- Born: Miriam Elizabeth Rodríguez Martínez 5 February 1960 San Fernando, Tamaulipas, Mexico
- Died: 10 May 2017 (aged 57) San Fernando, Tamaulipas, Mexico
- Occupation: Human rights activist
- Years active: 2014–2017

= Miriam Rodríguez Martínez =

Mexican human rights activist (1960–2017)

Miriam Elizabeth Rodríguez Martínez (5 February 1960 – 10 May 2017) was a Mexican human rights activist. She became one of the many "Missing Child Parents" (a class of victims of organized crime, labeled as such by local news media), after her daughter was abducted and killed. On 10 May 2017, Rodríguez was shot dead by gunmen who had broken into her home.

==Biography==

===Early life===
Miriam Elizabeth Rodríguez Martínez was born on 5 February 1960 in San Fernando in the Mexican state of Tamaulipas.

===Kidnapping of Karen Rodríguez===
Miriam's daughter, Karen Alejandra Salinas Rodríguez, was kidnapped in 2012. The family paid a ransom using a loan from a bank that offered credit for such payments, but she was not released. Miriam Rodríguez later met with members of the Zetas cartel in an effort to locate her. Her daughter's remains were discovered in 2014.

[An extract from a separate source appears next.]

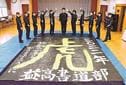 部員8人が参加し蛇の形を表す象形文字と、赤い墨で大きく「巳」と大筆で書いた。部員らで考えたという「元気な一年 そう蛇(じゃ)そう蛇(じゃ)」との文を添え、新年の健康を願う思いを込めた。公民館で27日から展示する。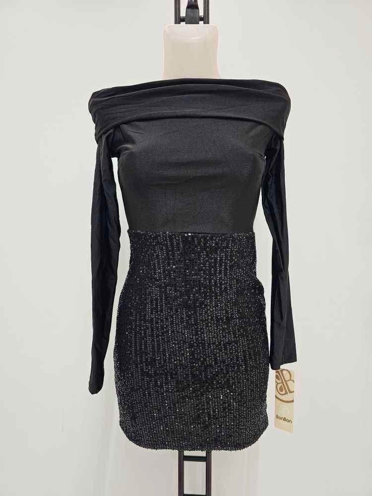 Vestido mini de invierno de una sola pieza con escote bardot, mangas largas y falda de lentejuelas integrada.

Rodríguez launched her own investigation, disguising herself to collect information on those responsible. Over three years, she helped locate nearly all members of the group that had kidnapped her daughter, resulting in ten of them being captured. Rodríguez later founded a collective of families of the disappeared.

===Death===
Rodríguez was killed on 10 May 2017, the day Mexico celebrates Mother's Day. She was shot 12 times by gunmen who broke into her home, and died on her way to the hospital. In solidarity, protesters raised their voices in protest the day she was killed, calling on the Mexican and U.S. governments to ensure the safety of human rights defenders. Mexican authorities vowed to pursue those responsible.

Rodríguez was posthumously honored with a plaque in San Fernando’s central plaza.